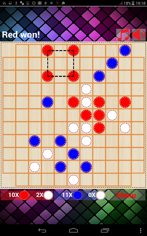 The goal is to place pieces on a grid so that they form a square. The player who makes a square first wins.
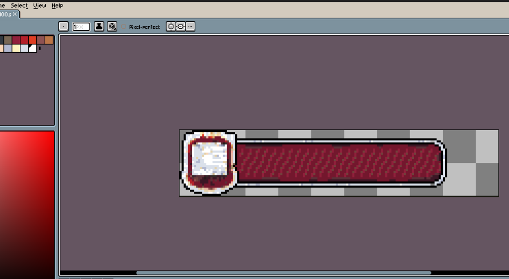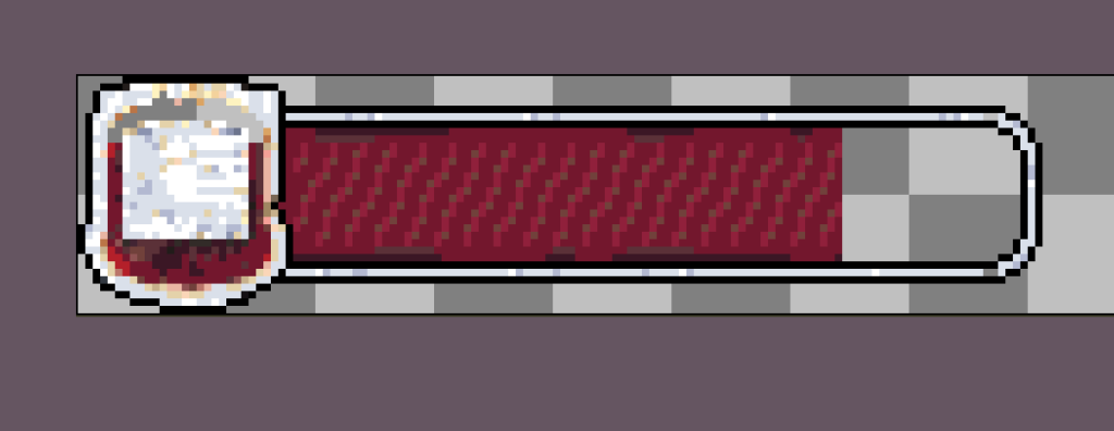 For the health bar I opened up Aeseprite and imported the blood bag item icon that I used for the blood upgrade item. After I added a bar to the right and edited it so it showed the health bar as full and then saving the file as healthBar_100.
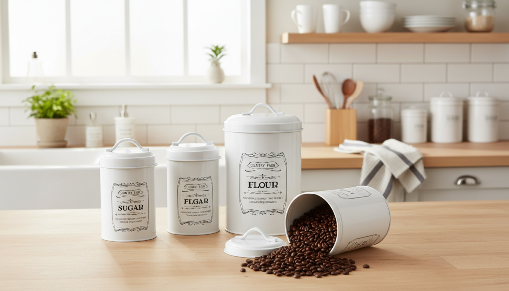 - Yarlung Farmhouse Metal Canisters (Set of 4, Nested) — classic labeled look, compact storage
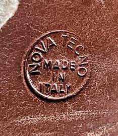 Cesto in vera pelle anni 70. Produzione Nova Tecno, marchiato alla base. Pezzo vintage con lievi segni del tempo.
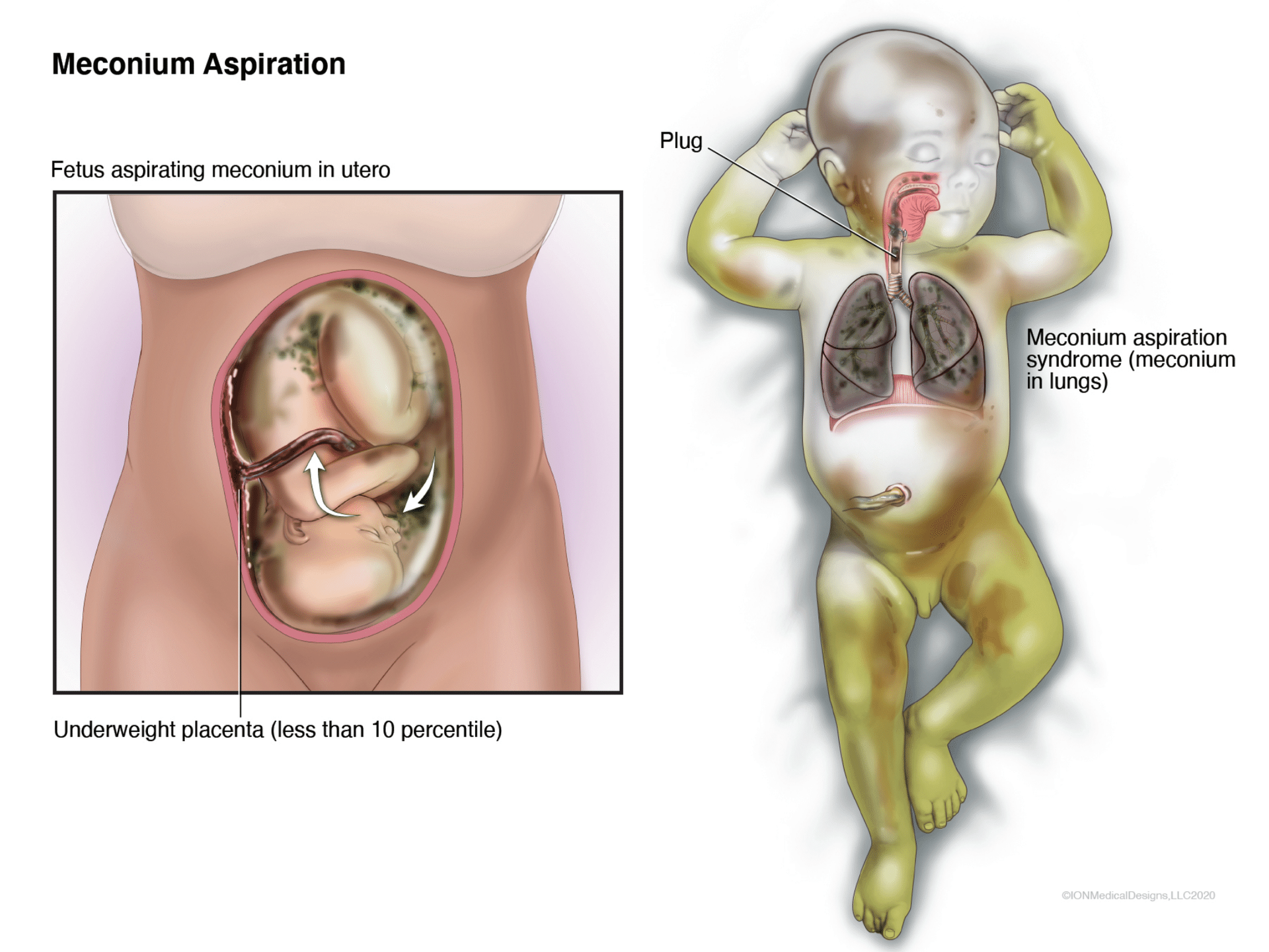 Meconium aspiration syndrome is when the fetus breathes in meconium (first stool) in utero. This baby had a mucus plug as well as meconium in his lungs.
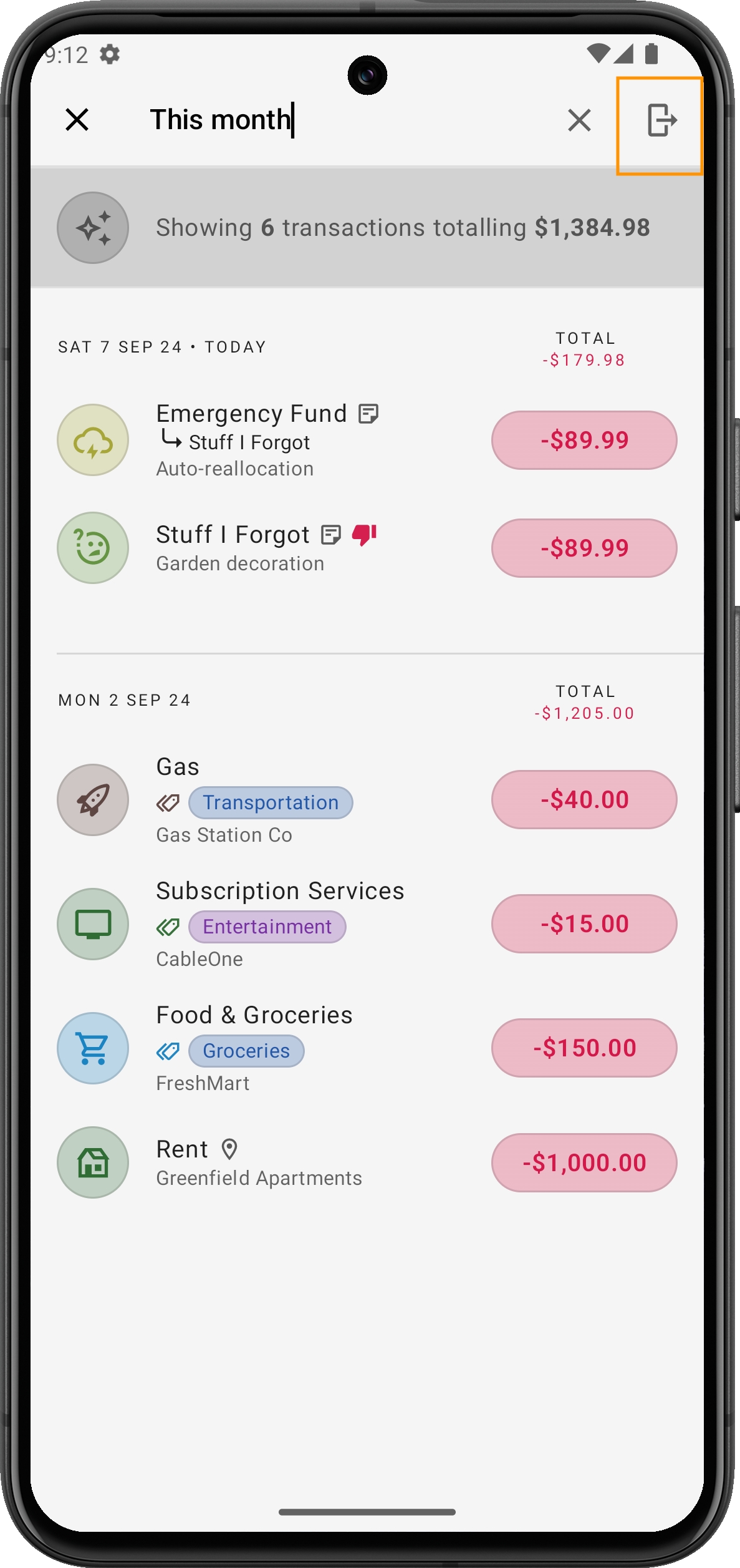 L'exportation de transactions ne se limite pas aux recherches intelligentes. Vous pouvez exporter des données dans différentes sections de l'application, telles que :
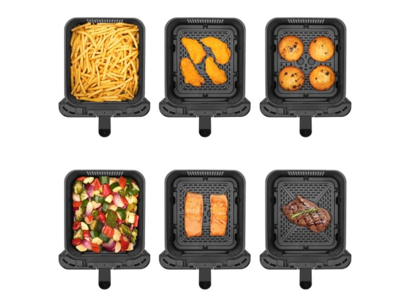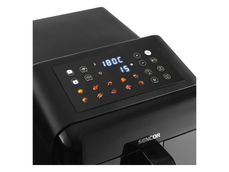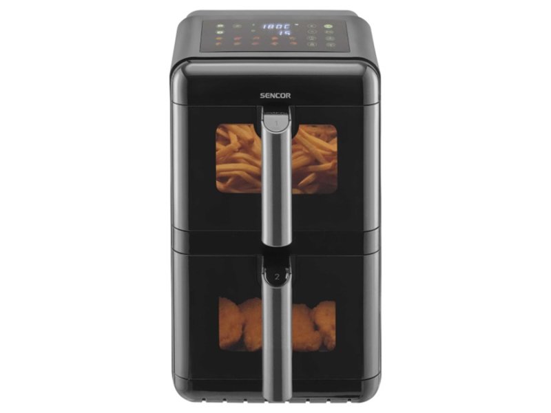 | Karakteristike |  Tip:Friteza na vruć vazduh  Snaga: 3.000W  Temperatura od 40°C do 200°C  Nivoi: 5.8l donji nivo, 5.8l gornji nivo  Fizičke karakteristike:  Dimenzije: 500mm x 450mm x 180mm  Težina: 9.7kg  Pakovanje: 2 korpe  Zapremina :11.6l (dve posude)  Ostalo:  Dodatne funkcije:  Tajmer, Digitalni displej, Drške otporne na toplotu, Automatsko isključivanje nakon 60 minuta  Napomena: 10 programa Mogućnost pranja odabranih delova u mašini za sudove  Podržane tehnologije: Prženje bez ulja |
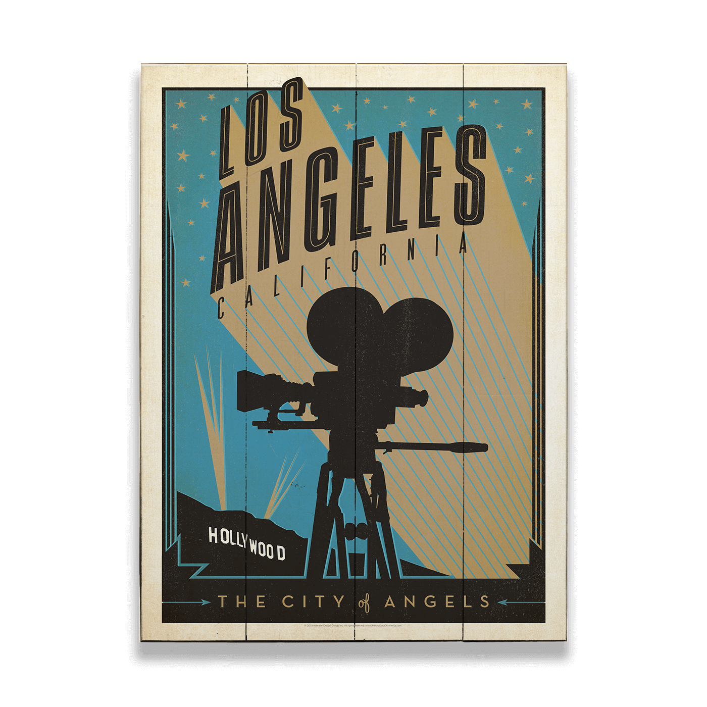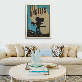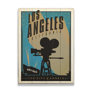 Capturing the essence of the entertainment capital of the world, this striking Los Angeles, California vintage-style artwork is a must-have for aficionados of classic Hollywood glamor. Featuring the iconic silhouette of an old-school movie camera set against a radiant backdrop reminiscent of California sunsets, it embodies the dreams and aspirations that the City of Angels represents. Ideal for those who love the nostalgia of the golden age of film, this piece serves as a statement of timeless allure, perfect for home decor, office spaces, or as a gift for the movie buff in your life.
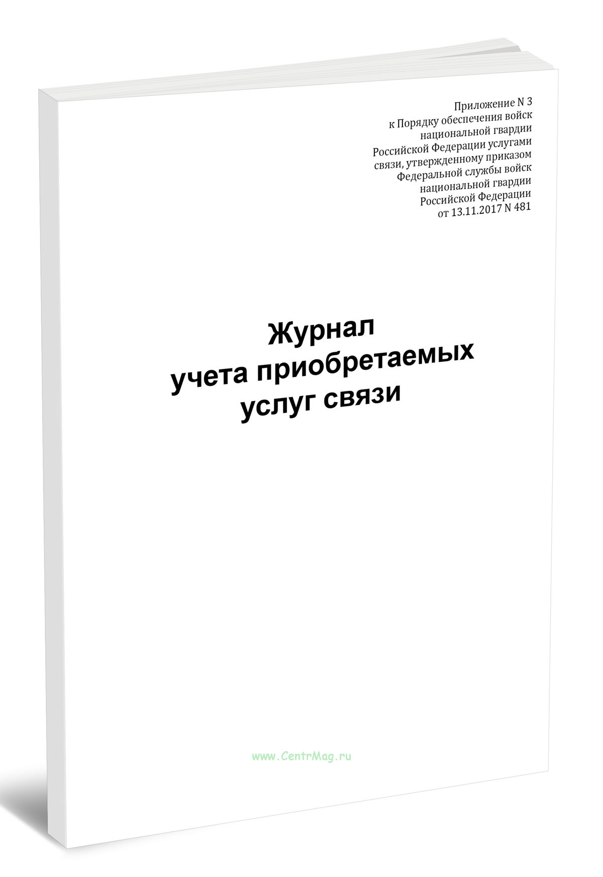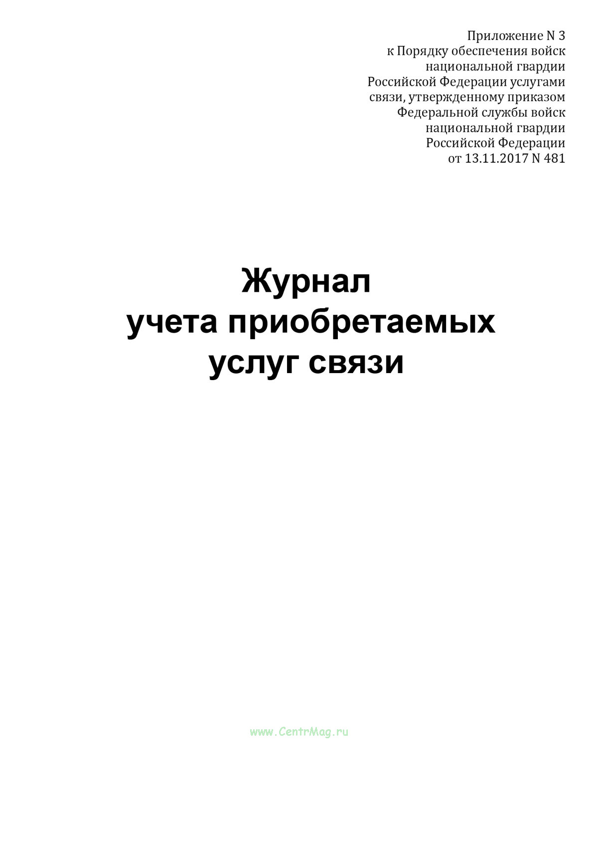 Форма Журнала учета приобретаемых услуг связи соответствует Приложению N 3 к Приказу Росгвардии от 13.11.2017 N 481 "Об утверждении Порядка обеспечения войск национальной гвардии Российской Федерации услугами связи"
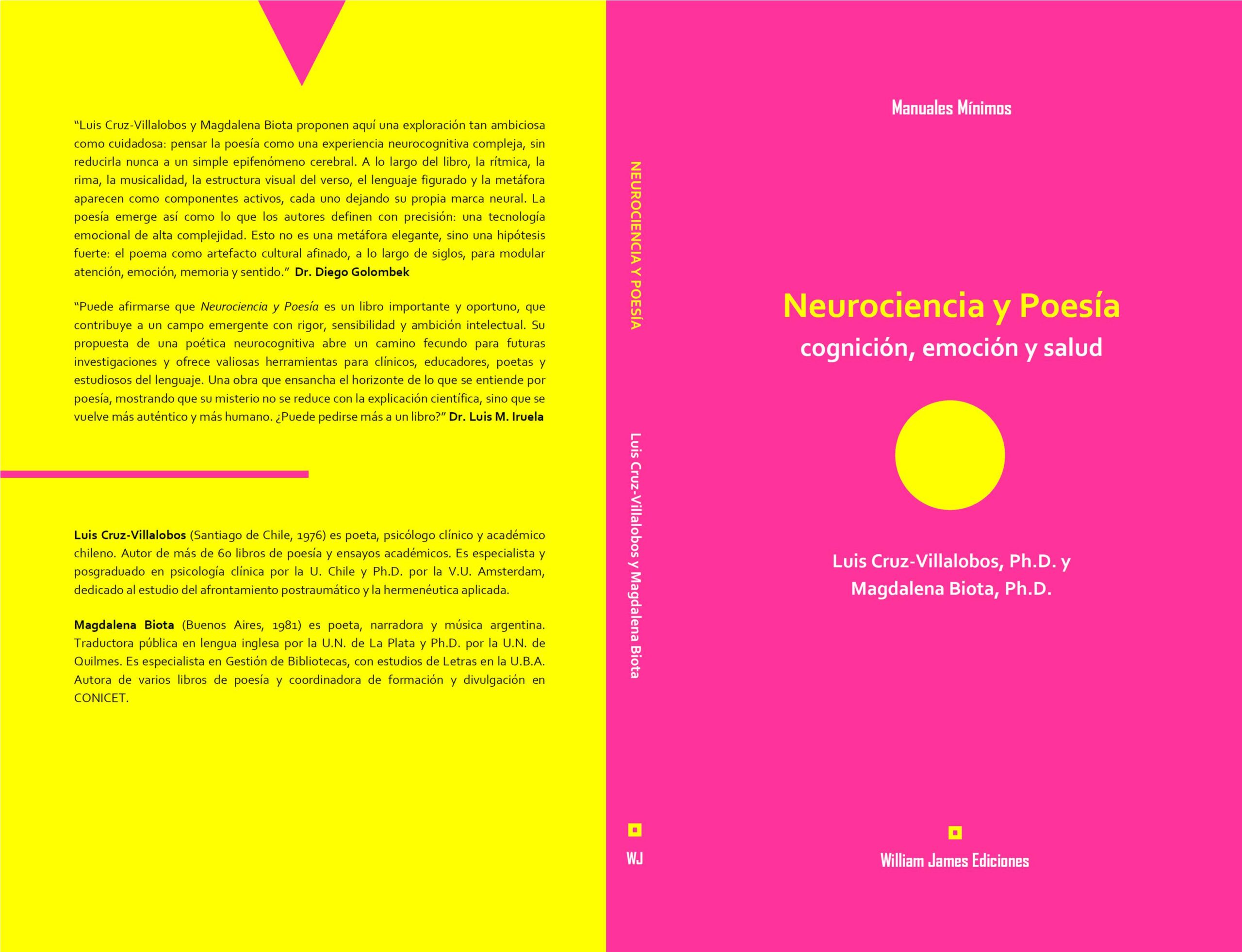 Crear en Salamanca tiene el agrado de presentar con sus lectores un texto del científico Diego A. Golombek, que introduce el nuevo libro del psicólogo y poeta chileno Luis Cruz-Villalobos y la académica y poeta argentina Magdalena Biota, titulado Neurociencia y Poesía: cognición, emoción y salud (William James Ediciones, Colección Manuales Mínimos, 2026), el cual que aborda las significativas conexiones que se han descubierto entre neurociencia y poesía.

■ ■ ■ ■

# EXERCISE PROMPT
Render all entries verbatim, excluding any pictures they hold.

# YOUR RESPONSE
 The goal is to place pieces on a grid so that they form a square. The player who makes a square first wins.
 For the health bar I opened up Aeseprite and imported the blood bag item icon that I used for the blood upgrade item. After I added a bar to the right and edited it so it showed the health bar as full and then saving the file as healthBar_100.
 - Yarlung Farmhouse Metal Canisters (Set of 4, Nested) — classic labeled look, compact storage
 Cesto in vera pelle anni 70. Produzione Nova Tecno, marchiato alla base. Pezzo vintage con lievi segni del tempo.
 Meconium aspiration syndrome is when the fetus breathes in meconium (first stool) in utero. This baby had a mucus plug as well as meconium in his lungs.
 L'exportation de transactions ne se limite pas aux recherches intelligentes. Vous pouvez exporter des données dans différentes sections de l'application, telles que :
 | Karakteristike |  Tip:Friteza na vruć vazduh  Snaga: 3.000W  Temperatura od 40°C do 200°C  Nivoi: 5.8l donji nivo, 5.8l gornji nivo  Fizičke karakteristike:  Dimenzije: 500mm x 450mm x 180mm  Težina: 9.7kg  Pakovanje: 2 korpe  Zapremina :11.6l (dve posude)  Ostalo:  Dodatne funkcije:  Tajmer, Digitalni displej, Drške otporne na toplotu, Automatsko isključivanje nakon 60 minuta  Napomena: 10 programa Mogućnost pranja odabranih delova u mašini za sudove  Podržane tehnologije: Prženje bez ulja |
 Capturing the essence of the entertainment capital of the world, this striking Los Angeles, California vintage-style artwork is a must-have for aficionados of classic Hollywood glamor. Featuring the iconic silhouette of an old-school movie camera set against a radiant backdrop reminiscent of California sunsets, it embodies the dreams and aspirations that the City of Angels represents. Ideal for those who love the nostalgia of the golden age of film, this piece serves as a statement of timeless allure, perfect for home decor, office spaces, or as a gift for the movie buff in your life.
 Форма Журнала учета приобретаемых услуг связи соответствует Приложению N 3 к Приказу Росгвардии от 13.11.2017 N 481 "Об утверждении Порядка обеспечения войск национальной гвардии Российской Федерации услугами связи"
 Crear en Salamanca tiene el agrado de presentar con sus lectores un texto del científico Diego A. Golombek, que introduce el nuevo libro del psicólogo y poeta chileno Luis Cruz-Villalobos y la académica y poeta argentina Magdalena Biota, titulado Neurociencia y Poesía: cognición, emoción y salud (William James Ediciones, Colección Manuales Mínimos, 2026), el cual que aborda las significativas conexiones que se han descubierto entre neurociencia y poesía.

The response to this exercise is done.